Using the Bellman equation, we can calculate the value of every state. This allows us to optimize the policy we follow by simply choosing an action that will lead us to a state with the highest value. However, sometimes, the environment does not transition the agent into the state that we aim for. Therefore, we model the transition dynamics stochastically by $T(s'|s, a)$.

- **Question 4)**
    The value function is an expectation of the return $G$ starting from state $S$. Under which random variables that the expectation is taken over? State their density functions (such as $p(x | y)$).

We can also use another expectation but this time for the decision. We will be calling it $Q$ function of a state and action pair.

$$ Q^\pi(s, a) = \mathbb{E}[G | S_t=s, A_t=a]$$

This makes the decision process easier as we can simply take the action with the highest Q value.

- **Question 5)**
    Both $Q^\pi(s, a)$ function and $V^\pi(s)$ function are expectations of the return. Write down the $Q^\pi(s, a)$ function in terms of $V^\pi(s)$.

- **Question 6)**
    Let's define an initial state distribution $\rho(s)$. Assume that you know the transition dynamics of the model and you want to choose from two policies. How can you compare the performance of the two policies $\pi_0$ and $\pi_1$?

As stated before, we can update a policy using the value functions (either $Q$ or $V$) if we know the transition dynamics and the reward function. A policy $\pi$ is defined to be better than or equal to a policy $\pi'$ if its expected return is greater than or equal to that of $\pi'$ for all states.

- **Question 7)**
    The optimal value is denoted by $V^*$. Write down the optimal value in terms of $V^\pi$.

### Practice

Lets initialize an environment where we can practice with value functions, returns and policies. The first step is to build the environment. Luckily, we have a few environments in the repository(src/env). We will be using **MazeWorld** environment that is built with pycolab package.

Mazeworld environment is a **gym** like environment where you need to call ```reset()``` to initiate the enviroment. Use ```step(action)``` to iterate one step with the given action.
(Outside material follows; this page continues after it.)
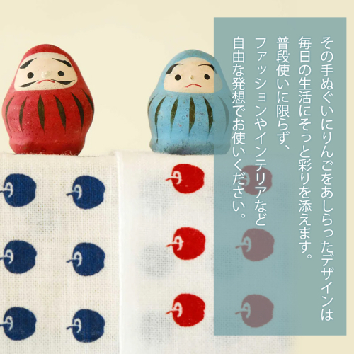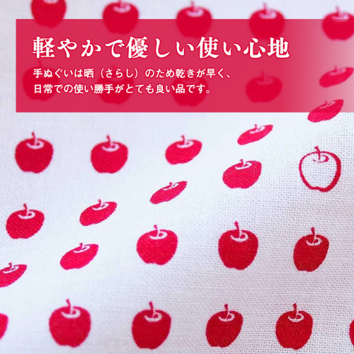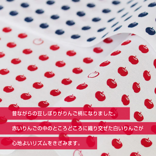 昔ながらの豆しぼりがりんご柄になりました。 赤いりんごの中のところどころに織り交ぜた白いりんごが心地よいリズムをきざみます。
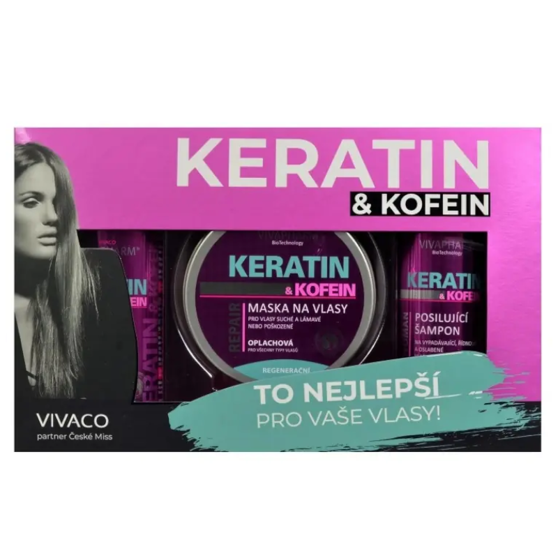 Dárková kazeta obsahuje: vlasový šampon keratin 200ml, vlasový balzám keratin 200ml, vlasovou masku keratin 200ml.

States in Mazeworld are the position of the player (x, y). There are 4 possible actions:
- Up: 0
- Down: 1
- Right: 3
- Left: 2

In order to render the environment, you need to call ```init_render()``` to initiate renderer. We use ipycanvas to render the board.

Note that the maximum time length is 200 steps.

In [None]:
from rl_hw1.env import MazeWorld
import time

worldmap = [
     "#######",
     "#    @#",
     "#     #",
     "#     #",
     "#     #",
     "#P    #",
     "#######"]

env = MazeWorld(worldmap=worldmap, cell_size=40)
env.reset()

Let's define a policy so that we can calculate returns and values.

**Question 8)** First, run the cells below. Then, change the dumb policy so that it can reach the goal. You do not need to use sophisticated methods, just tweak the policy function.

In [None]:
dumb_policy = lambda x, y: 0
env.init_render()

In [None]:
state = env.reset()
done = False
step_count = 0
while not done and step_count < 20:
    action = dumb_policy(*state)
    state, reward, done, info = env.step(action)
    time.sleep(0.1)
    step_count += 1
    env.render()

This is just a single example of the environments. They all have similar structure, ```step```, ```reset``` and ```render```.